I’ve not mentioned the growth in private language students or the expansion of the private cram colleges and providers of university preparation courses. One thing we don’t know is what the medium-long term impact of Covid-19 will have not just on the young people that come to study and stay in Cambridge, but the institutions and the companies that provide for them. Because either the market will bounce back, or Cambridge will have to deal with a set of stranded assets built to serve a market that no longer exists (or is too small to sustain that many providers).
North East Cambridge as a possible site for a large arts and music venue
You can read all about the redevelopment of the Cambridge Sewage Works Site here.

Given the size of such a large brownfield site and its proximity to Cambridge North, the Cambridge Guided Busway, and the Chisholm Trail, it’s an ideal site to build an arts venue not just for the people who will live in the new homes built there, but for a much larger geographical area. If they build a bog-standard community centre – and I use that phrase pejoratively to reflect the substandard nature of recently-built centres in Cambridge (i.e. the smallest that developers can get away with building as opposed to awe-inspiring, state-of-the-art facilities that makes people *want to be there*), then either people will not use it or it will risk being overwhelmed by excessive demand for the limited availability.
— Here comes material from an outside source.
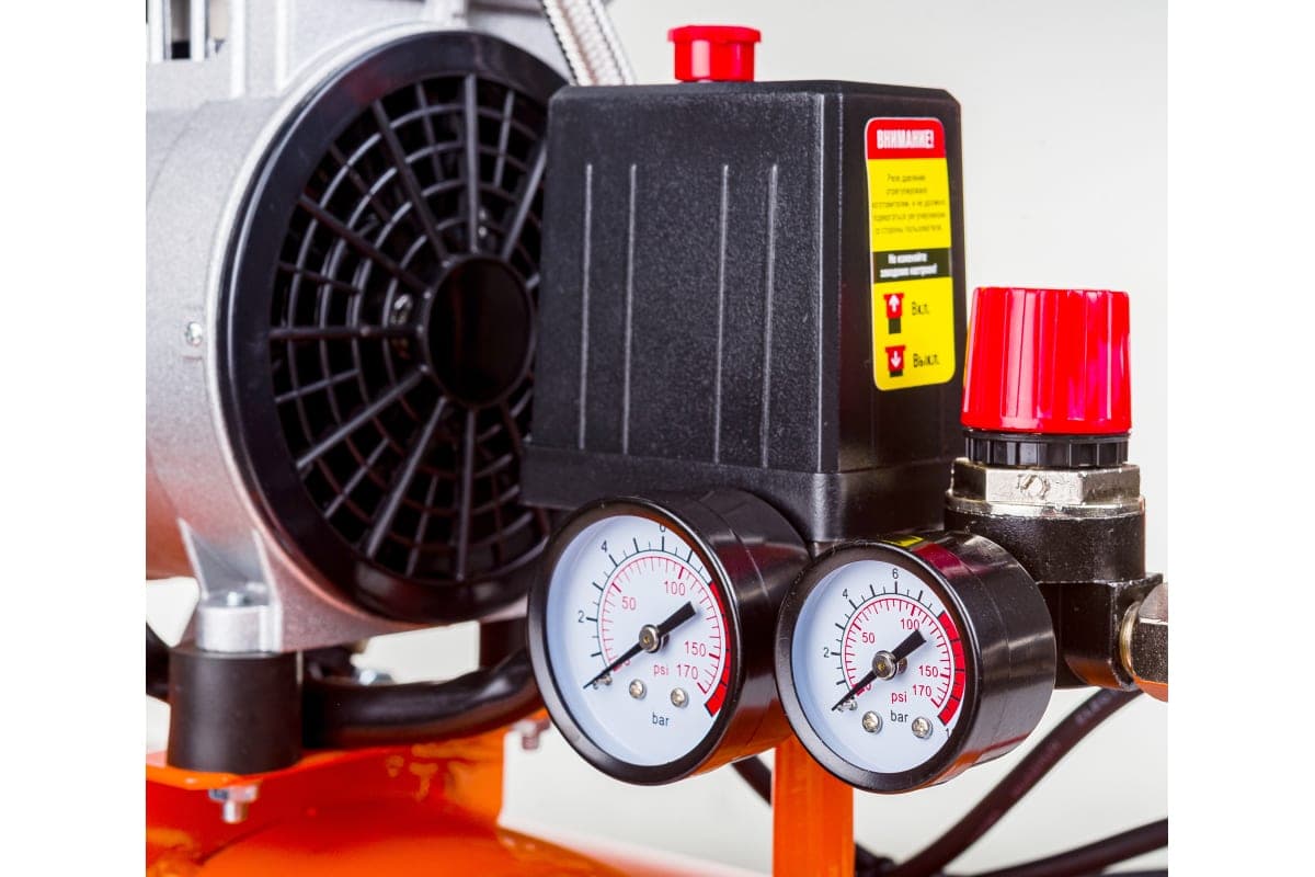 - Визуальный контроль. Манометры позволяют визуально контролировать давление на выходе Кратон AC-180-24-OFS 3 01 01 052 и в ресивере.

Such a facility also needs to account for future populations. We can see what happens when this doesn’t happen. Look at Parkside Pools and the Kelsey Kerridge Sports Centre. The very busy evening sessions are quickly booked up or monopolised by long standing clubs that provide regular and sustainable incomes. Given that Parkside Pools opened in the 1960s after a lifetime of campaigning by Cllr Clara Rackham, and Kelsey Kerridge was opened in the 1970s, the city has nearly doubled in population since then – and the need for new facilities for that expanded population has already been formally assessed by Cambridge City Council and South Cambridgeshire District Council.
The visitor footprint of The Junction in South Cambridge
One of the things The Junction did several years ago at a data hack at Anglia Ruskin University was to enable one of the teams to work with anonymised postcode data of visitors to The Junction and plot them on a map to see which parts of the city and county they had traveled from. What struck them was how far people were prepared to travel to see different shows – even regular visitors were prepared to cross county boundaries to get there.
If a new arts and music venue is built on the North East Cambridge site – and I believe that it should be, it needs to learn the lessons of The Junction’s early years in particular. These are due to be put right in a redevelopment of The Junction through the somewhat controversial appointment of Levitt Burnstein architects which amongst other things will create facilities that can be rented out to businesses and community groups and provide a more sustainable income independent of grants.
Obviously I wouldn’t say ‘no’ to new large concert hall for the city being built on the site given my existing views that Cambridge needs one with a capacity of over 2,500, but note the target audience for that would not be the same as that of an arts and music centre that would provide the opportunities that you wouldn’t get at a mainstream venue.